- Ghutgarya Location in West Bengal, India Ghutgarya Ghutgarya (India)
- Coordinates: 23°26′45″N 87°15′09″E﻿ / ﻿23.4458°N 87.2524°E
- Country: India
- State: West Bengal
- District: Bankura

Area
- • Total: 3.6417 km^{2} (1.4061 sq mi)

Population (2011)
- • Total: 5,311
- • Density: 1,458/km^{2} (3,777/sq mi)

Languages
- • Official: Bengali, English
- Time zone: UTC+5:30 (IST)
- PIN: 722168
- Telephone/STD code: 03243
- Lok Sabha constituency: Bishnupur
- Vidhan Sabha constituency: Barjora
- Website: bankura.gov.in

= Ghutgarya =

Ghutgarya (also known as Ghutgoria) is a census town in the Barjora CD block in the Bankura Sadar subdivision of the Bankura district in the state of West Bengal, India.

==Geography==

===Location===
Ghutgarya is located at .

===Area overview===
The map alongside shows the Bankura Sadar subdivision of Bankura district. Physiographically, this area is part of the Bankura Uplands in the west gradually merging with the Bankura-Bishnupur Rarh Plains in the north-east. The western portions are characterised by undulating terrain with many hills and ridges.
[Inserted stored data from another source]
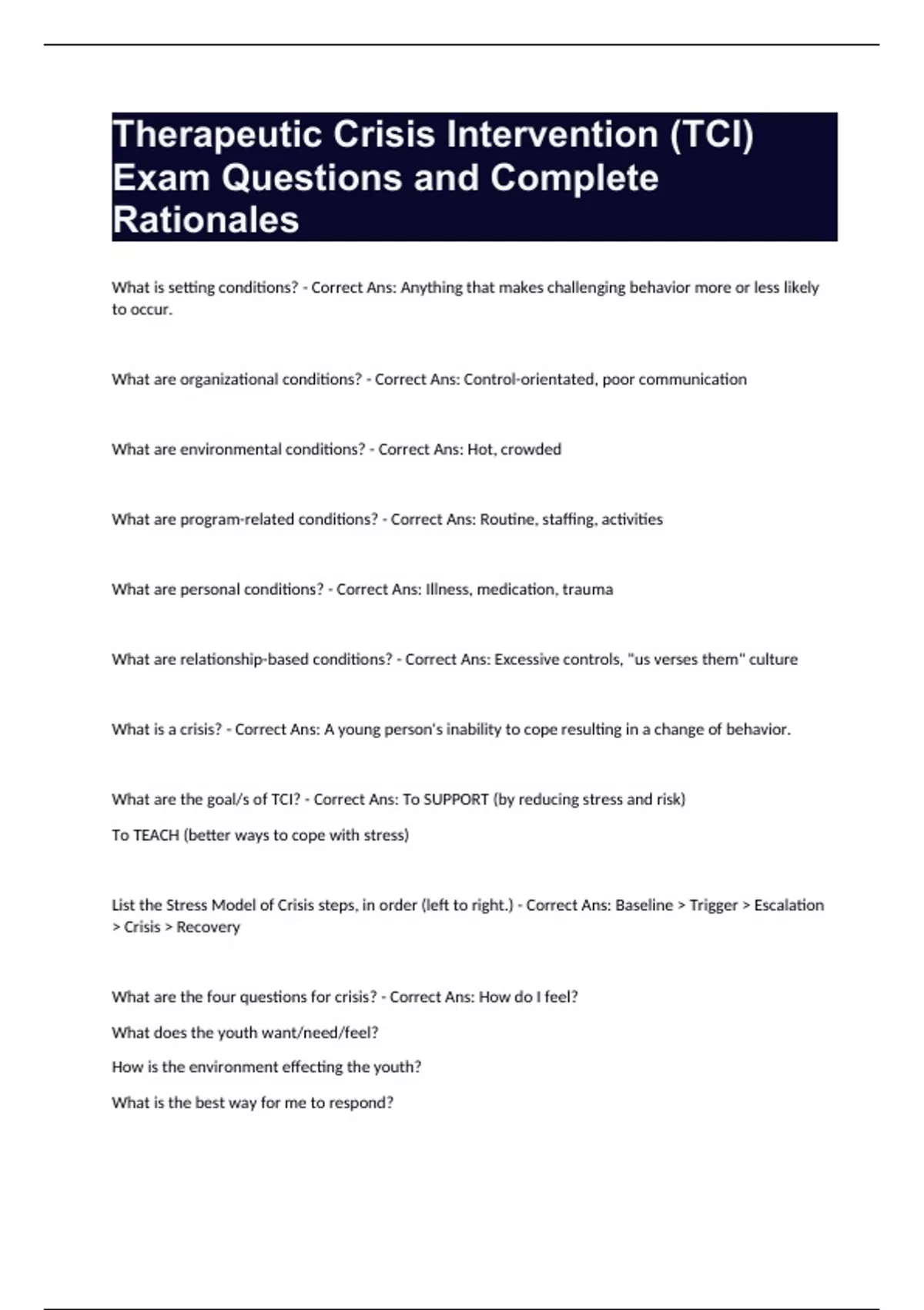 Therapeutic Crisis Intervention (TCI) Exam Questions and Complete Rationales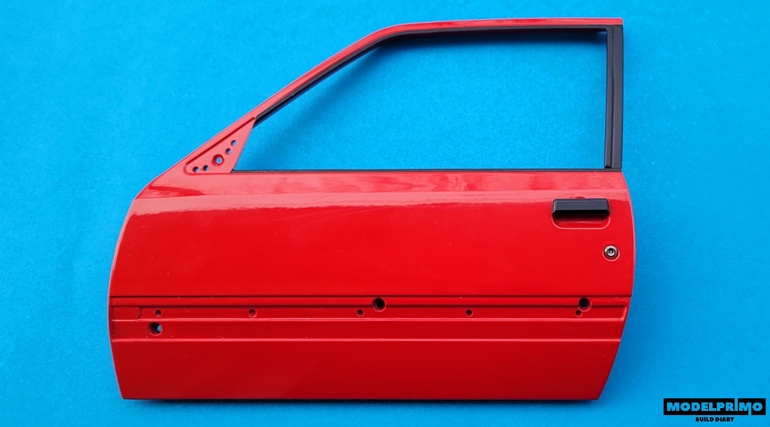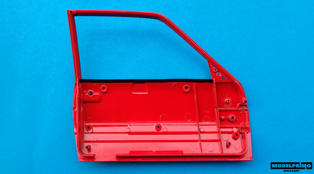 On the door we find another surprising detail - the glued seal to the window frame is nice to the touch ala velor - just like in real cars :)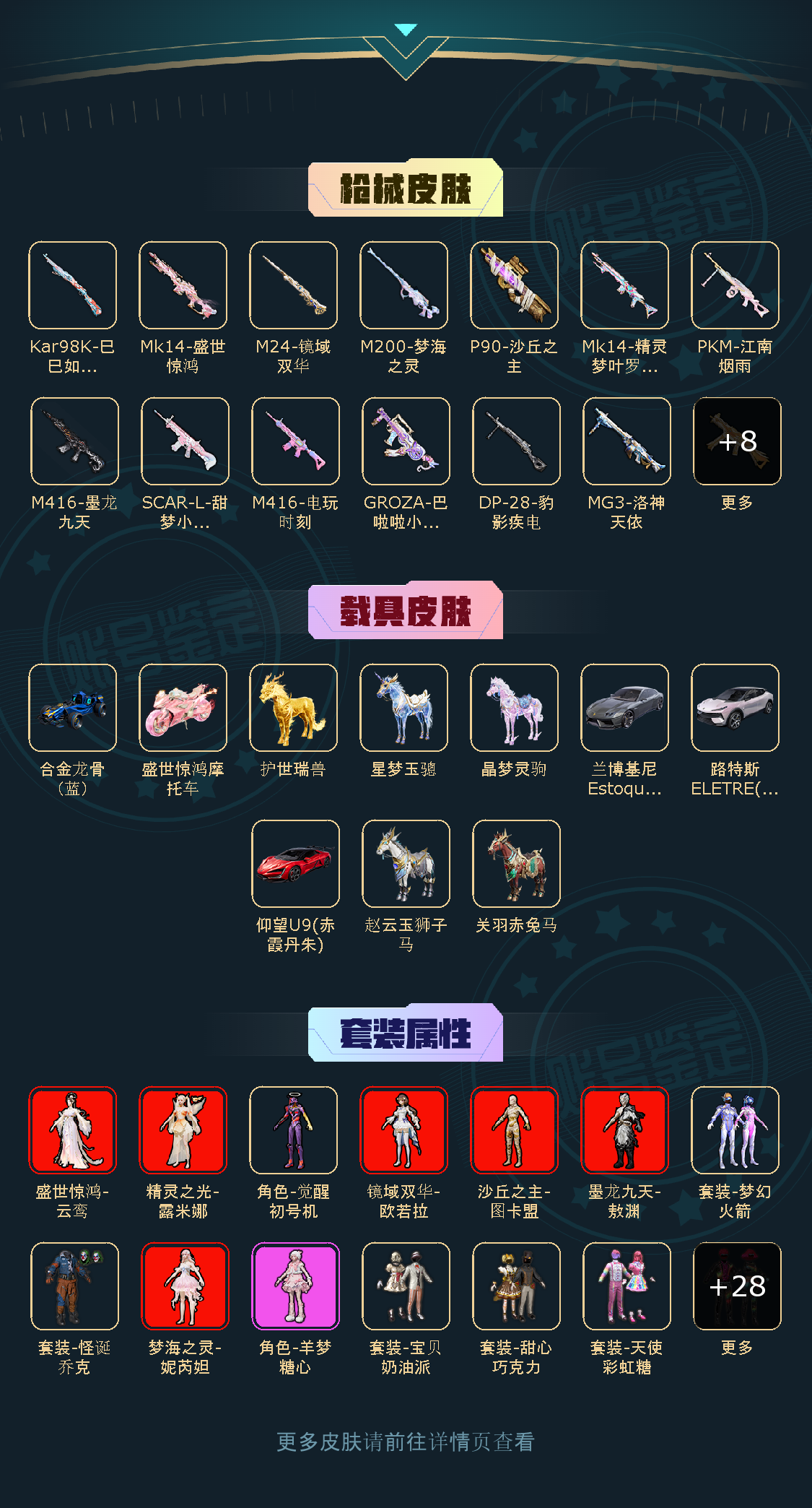 40粉,10载具,132套装,6王牌印记 M416-电玩时刻/SCAR-L-甜梦小狐/Mk14-盛世惊鸿/Kar98K-巳巳如意/GROZA-巴啦啦小魔仙/Mk14-精灵梦叶罗丽/M24-镜域双华/AKM-白勺歌姬/GROZA-精灵之光/MG3-洛神天依/M416-墨龙九天/AUG-许七安/M200-梦海之灵/PKM-江南烟雨/DP-28-千金淑猫/P90-沙丘之主/蜜獾-辉耀战甲/M16A4-晶梦幻蝶/破片手榴弹-粉粉猫爪/UMP45-启明星/护世瑞兽/仰望U9(赤霞丹朱)/星梦玉骢/兰博基尼Estoque(银翼灰)/合金龙骨(蓝)/关羽赤兔马/赵云玉狮子马/路特斯ELETRE(花绽灰)/晶梦灵驹/盛世惊鸿摩托车/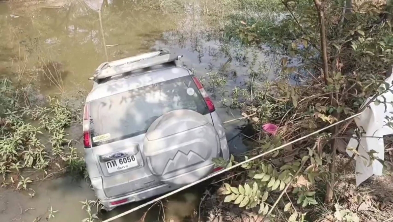 ที่เกิดเหตุถนนเส้นทางวัดพระธาตุจอมโพ้น เป็นทางเข้าไร่นาสวน พบรถยนต์ เก๋งsuv ยี่ห้อ ฟร์อด สีบรอนซ์เทา ทะเบียน กท 6056 เชียงราย มีลักษณะหน้ารถจมอยู่ขอบสระบริเวณข้างรถด้านประตูคนขับ พบร่างผู้เสียชีวิตเป็นชาย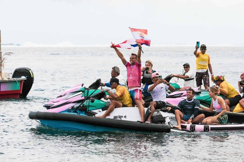 Dès que la cloche de fin de série a sonné, le héros de Teahupo'o a filé dans les bras de l'entraîneur de l'équipe de France Jérémy Florès, seul Français à s'être jamais imposé lors d'une étape du tour pro à Tahiti en 2015.
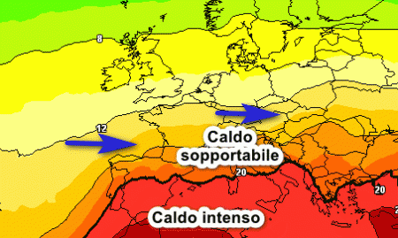 Si nota una flessione della bolla calda che dovrebbe consentire un caldo più sopportabile al nord e al centro. Nulla di cambiato invece per il sud e le Isole, dove il caldo seguiterà ad essere intenso.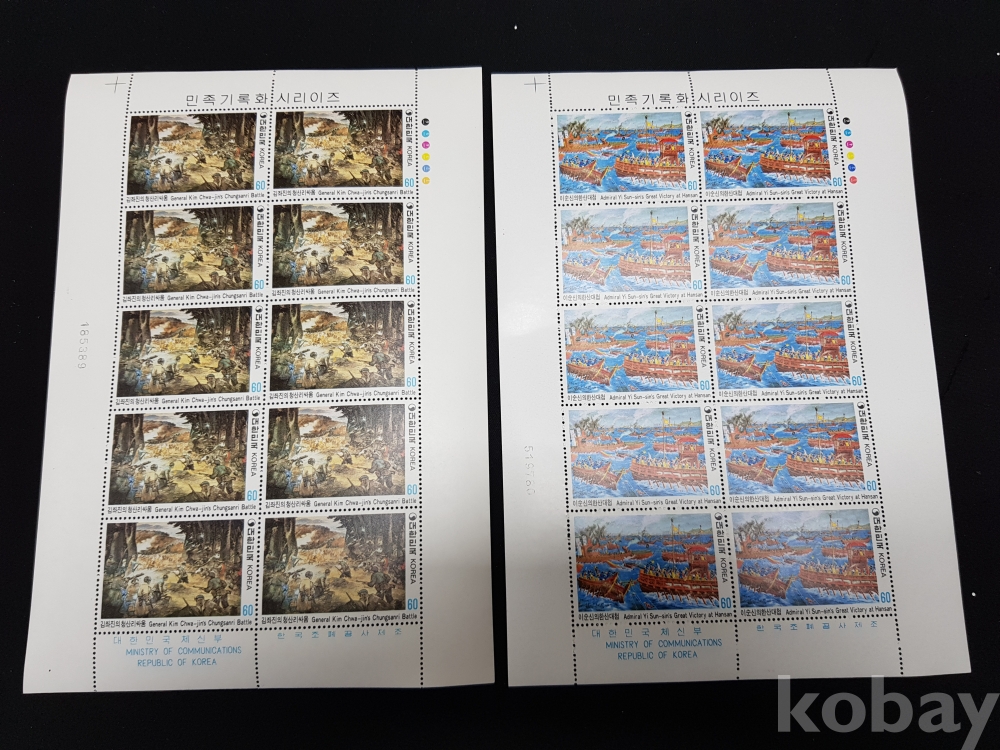 - 미사용 1982년 민족기록화시리즈 - 제 3집 전지 2종 4매 모음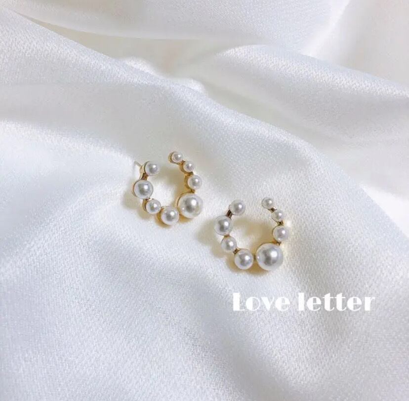 8連パールリングピアス ゴールド 韓国 アクセサリー

The area is having a gradual descent from the Chota Nagpur Plateau. The soil is laterite red and hard beds are covered with scrub jungle and sal wood. Gradually it gives way to just uneven rolling lands but the soil continues to be lateritic. There are coal mines in the northern part, along the Damodar River. It is a predominantly rural area with 89% of the population living in rural areas and only 11% living in the urban areas.

Note: The map alongside presents some of the notable locations in the subdivision. All places marked in the map are linked in the larger full screen map.

==Demographics==
According to the 2011 Census of India, Ghutgarya had a total population of 5,311, of which 2,693 (51%) were males and 2,618 (49%) were females. There were 703 persons in the age range of 0–6 years. The total number of literate persons in Ghutgarya was 3,389 (73.55% of the population over 6 years).

==Infrastructure==
According to the District Census Handbook 2011, Bankura, Ghutgarya covered an area of 3.6417 km^{2}. Among the civic amenities, it had 6 km roads with open drains, the protected water supply involved tap water from un-treated sources, tubewell/ borehole. It had 802 domestic electric connections. Among the medical facilities it had 1 hospital, 1 dispensary/ health centre, 2 maternity and child welfare centres, 1 nursing home, 1 veterinary hospital, 1 charitable hospital/ nursery, 16 medicine shops. Among the educational facilities it had were 2 primary schools, 1 middle school, 1 secondary school, 1 senior secondary school, the nearest general degree college at Barjora 3 km away. It had 4 non-formal education centres (Sarva Shiksha Abhiyan). Among the social cultural and recreational facilities, it had 1 public library, 1 reading room. Three important commodities it produced were fishing hooks, sankha and pola bandha. It had the branch offices of 1 nationalised bank.

==Education==
Ghutgoria High School is a Bengali-medium coeducational institution established in 1947. It has facilities for teaching from class V to class XII. The school has 10 computers and a library with 2,000 books.

Nutangram High School is a Bengali-medium coeducational institution established in 1966. It has facilities for teaching from class V to class XII. The school has 10 computers and a library with 1,000 books.

Barjora College was established in 1985 at Barjora. It is affiliated with the Bankura University and offers honours courses in English, Bengali, Sanskrit, history, political science, philosophy, economics and geography.

==Culture==

David J. McCutchion mentions that the abandoned temple, possibly a Radha-Damodara temple, is a tall and slender smooth curvilinear rekha, largely plain, built of sandstone, having a carved doorway with cusped arch. It was constructed in the 17th-18th century.

The Archaeological Survey of India, Kolkata Circle, describes the Radha Damodar temple as a stone built temple, with a pancha-ratha plan similar to Odisha temple architecture, probably erected in the 17th century.

The Radha Damodar Jiu Temple is included in the List of Monuments of National Importance in West Bengal by the Archaeological Survey of India (serial no. N-WB-30).

==Healthcare==
Barjora Rural Hospital, with 30 beds, is the major government medical facility in the Barjora CD block.